Antonín DVOŘÁK (1841-1904)
The Spectre’s Bride, cantata, Op.69, B.135 (1884) [78:27]
Simona Šaturová (soprano)
Pavol Breslik (tenor)
Adam Plachetka (bass-baritone)
Wiener Singakademie
ORF Vienna Radio Symphony Orchestra/Cornelius Meister
rec. live 2-3 June 2016, Konzerthaus, Vienna
Texts and English translations included
CAPRICCIO C5315 [78:27]
Dvořák’s ballad cantata The Spectre’s Bride sets the poem by Karel Jaromir Erben casting it as an orchestral introduction and 18 subsequent scenes in which a baritone narrator and chorus comment on the evolving gothic tale of the Girl and her deceased suitor, the Spectre. At its premičre, which took place in Birmingham, gargantuan choral and orchestral forces were reported; the band alone was said to be 150 strong.
This new performance was given in the Konzerthaus in Vienna in June 2016 and directed by the German-born director of the ORF Vienna Radio Symphony Orchestra, Cornelius Meister. Two of the soloists are Slovakian; the bass-baritone Adam Plachetka is Czech. The score is full of vivid colour and recurrent motifs, the highlight of which is the frightening nocturnal journey to impending doom, a riveting affair well conveyed in this well-paced and idiomatic-sounding recording. Meister respects the importance of the wind writing in this score, balancing it well against the strings. Simona Šaturová is good, her early reminiscence of her lover being warmly and longingly textured even if she is very slightly shrill at the top of her range. Her prayer scene (No.17, track 18) is particularly well done.
The macabre and dramatic elements of the score survive intact. Its incipient or latent quasi-operatic moments are also as audible here as they invariably are; principally the superb soprano and tenor duet (track 11). Adam Plachetka’s youthful, pliant bass is attractive though Beno Blachut’s operatic core is the classic incarnation of the role in Krombholc’s 1961 Supraphon recording. That said the three soloists make a most plausible team, whether solo or in duet. There is a recent Gerd Albrecht-conducted version on Orfeo. His choral forces are more mobile than the Vienna choir – it’s a shame that Brno or Prague forces couldn’t have been involved as non-Czech choruses can struggle – but Meister has the better trio of solo singers and that is, in the end, more important.
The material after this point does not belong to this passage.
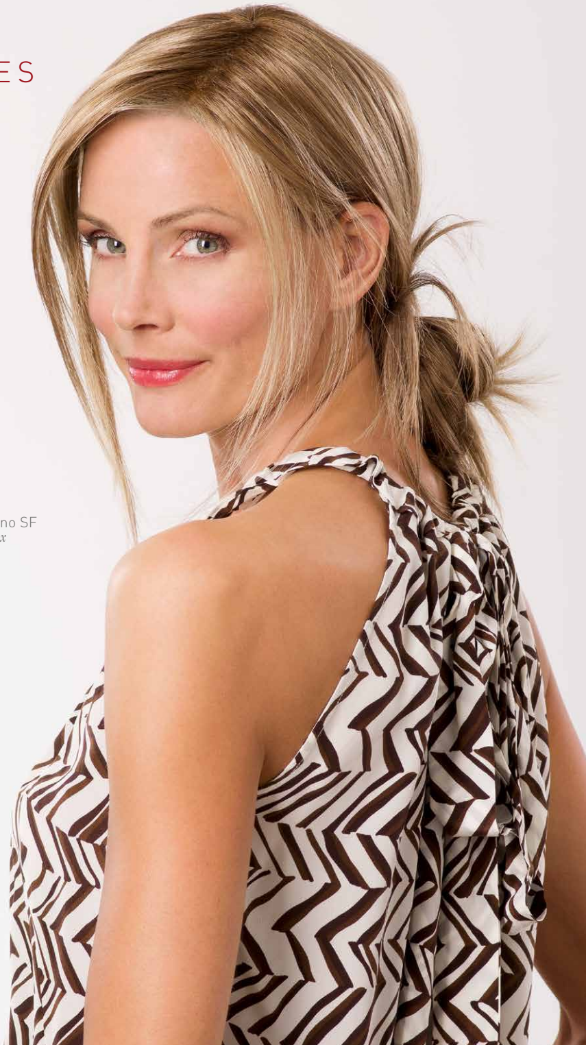
Lola Mono SF Honey-Mix

Das Monofilament ist eine hauchdünne Gaze mit Einzelhaarverknüpfung, welche extrem leicht und luftdurchlässig ist.

Naturally the old recording by Krombholc and the much more recent Jiří Bělohlávek live Supraphon from 1995 with Eva Urbonavá, Ľudovít Ludha and Ivan Krusnjer, are charged with the sound of something special, however dated the recorded sound of the former. With Krombholc one gets the great trio of Drahomíra Tikalová, Beno Blachut and Ladislav Mráz in a twofer coupling with Novák’s The Storm. Here are singers for whom cantata and opera are, without any crudity, fruitfully interchangeable. My money is still on them but this more modest but well recorded Capriccio release is certainly attractive.